Activity.
Within the records that follow, restate exactly the lines from the line with "Àç´Ü¿¡ ±âÅ¹ÇØ¿Ô´Ù°í ¹àÇû´Ù." down to the line with "NIHOME Silicone Jar", including both. Omit the pictures.

** Material for this exercise follows **

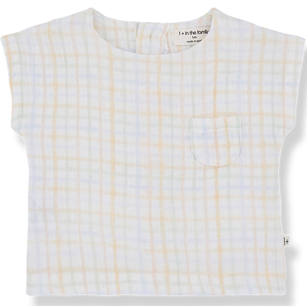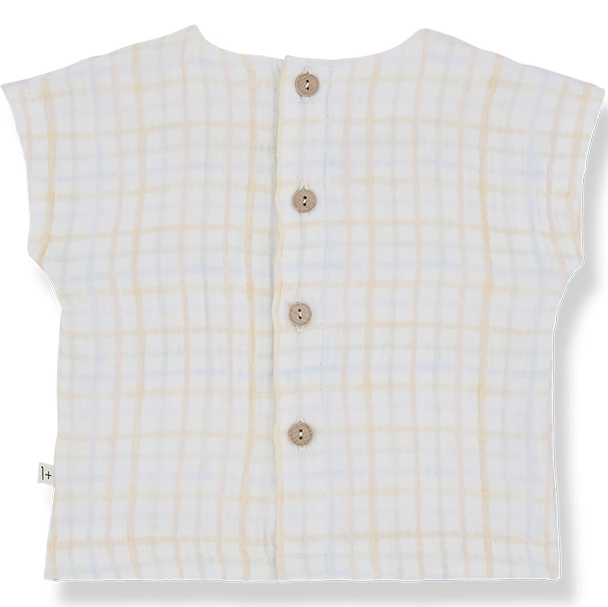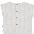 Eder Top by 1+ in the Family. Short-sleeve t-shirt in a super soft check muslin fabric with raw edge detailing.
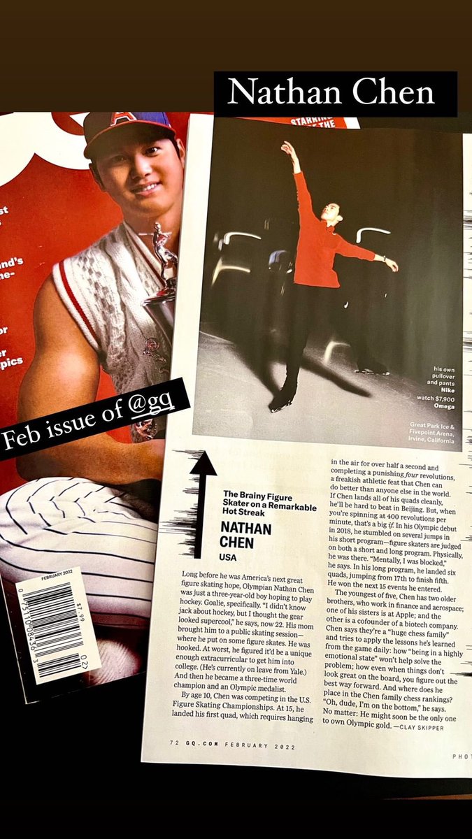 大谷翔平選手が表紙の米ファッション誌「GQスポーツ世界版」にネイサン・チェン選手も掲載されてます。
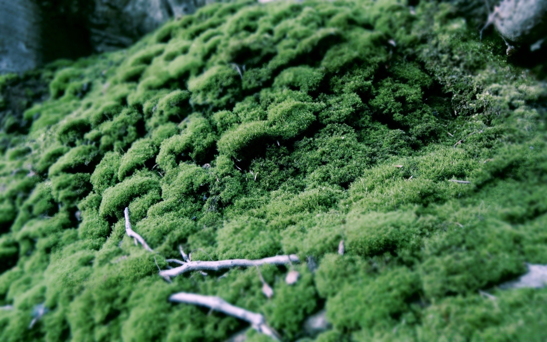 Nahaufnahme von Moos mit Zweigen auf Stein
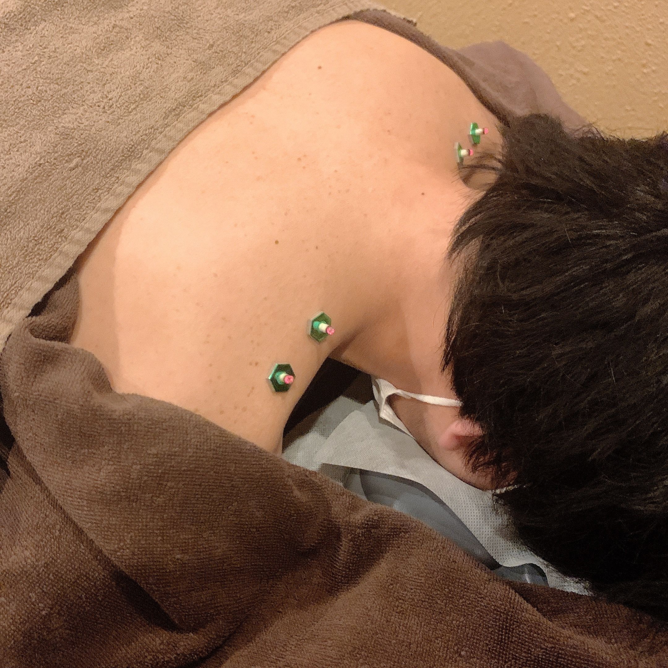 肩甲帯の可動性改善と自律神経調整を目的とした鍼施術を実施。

** End of Material for this exercise **
** Material for this exercise follows **

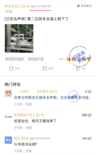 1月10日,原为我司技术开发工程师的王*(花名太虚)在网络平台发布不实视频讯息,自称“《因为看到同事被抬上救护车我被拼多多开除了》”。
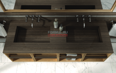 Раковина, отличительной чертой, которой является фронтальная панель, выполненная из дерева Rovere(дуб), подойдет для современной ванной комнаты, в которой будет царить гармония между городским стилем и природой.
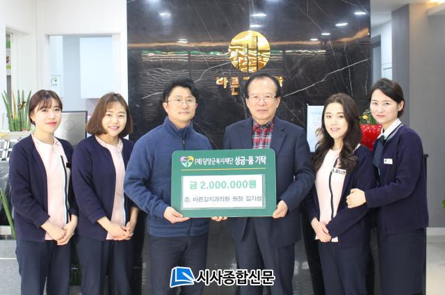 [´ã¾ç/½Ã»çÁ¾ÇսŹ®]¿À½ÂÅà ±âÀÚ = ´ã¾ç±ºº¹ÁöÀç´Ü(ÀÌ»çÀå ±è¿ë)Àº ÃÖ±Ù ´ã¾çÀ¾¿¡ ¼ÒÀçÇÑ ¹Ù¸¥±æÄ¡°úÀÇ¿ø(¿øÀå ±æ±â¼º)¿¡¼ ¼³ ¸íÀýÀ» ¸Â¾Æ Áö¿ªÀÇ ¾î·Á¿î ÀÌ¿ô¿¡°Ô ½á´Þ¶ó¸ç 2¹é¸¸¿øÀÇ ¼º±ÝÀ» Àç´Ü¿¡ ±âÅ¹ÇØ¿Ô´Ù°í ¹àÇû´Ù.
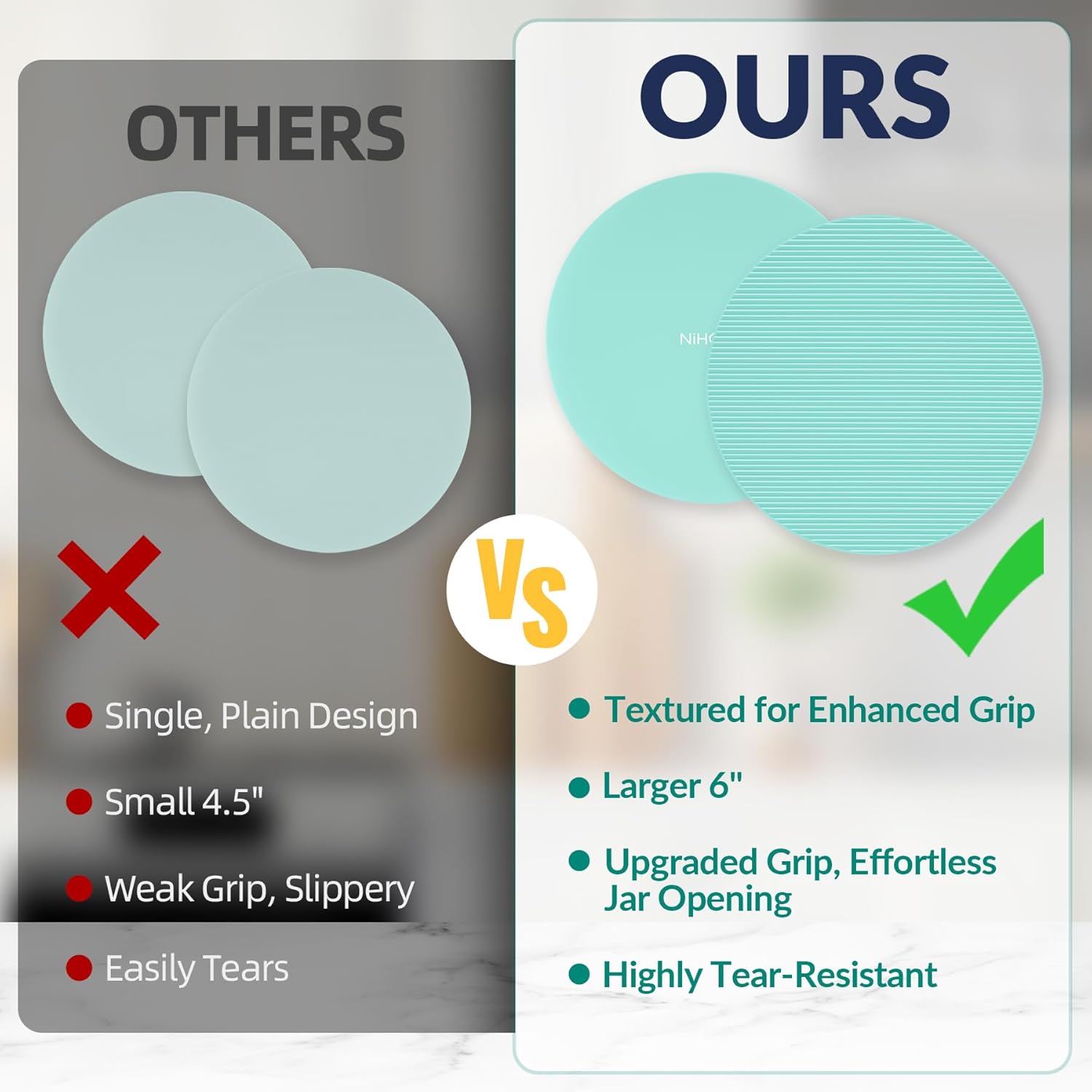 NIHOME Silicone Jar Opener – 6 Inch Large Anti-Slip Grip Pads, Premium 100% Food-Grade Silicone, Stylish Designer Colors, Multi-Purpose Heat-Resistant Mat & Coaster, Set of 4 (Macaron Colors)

** End of Material for this exercise **

Solution to this exercise.
 [´ã¾ç/½Ã»çÁ¾ÇսŹ®]¿À½ÂÅà ±âÀÚ = ´ã¾ç±ºº¹ÁöÀç´Ü(ÀÌ»çÀå ±è¿ë)Àº ÃÖ±Ù ´ã¾çÀ¾¿¡ ¼ÒÀçÇÑ ¹Ù¸¥±æÄ¡°úÀÇ¿ø(¿øÀå ±æ±â¼º)¿¡¼ ¼³ ¸íÀýÀ» ¸Â¾Æ Áö¿ªÀÇ ¾î·Á¿î ÀÌ¿ô¿¡°Ô ½á´Þ¶ó¸ç 2¹é¸¸¿øÀÇ ¼º±ÝÀ» Àç´Ü¿¡ ±âÅ¹ÇØ¿Ô´Ù°í ¹àÇû´Ù.
 NIHOME Silicone Jar Opener – 6 Inch Large Anti-Slip Grip Pads, Premium 100% Food-Grade Silicone, Stylish Designer Colors, Multi-Purpose Heat-Resistant Mat & Coaster, Set of 4 (Macaron Colors)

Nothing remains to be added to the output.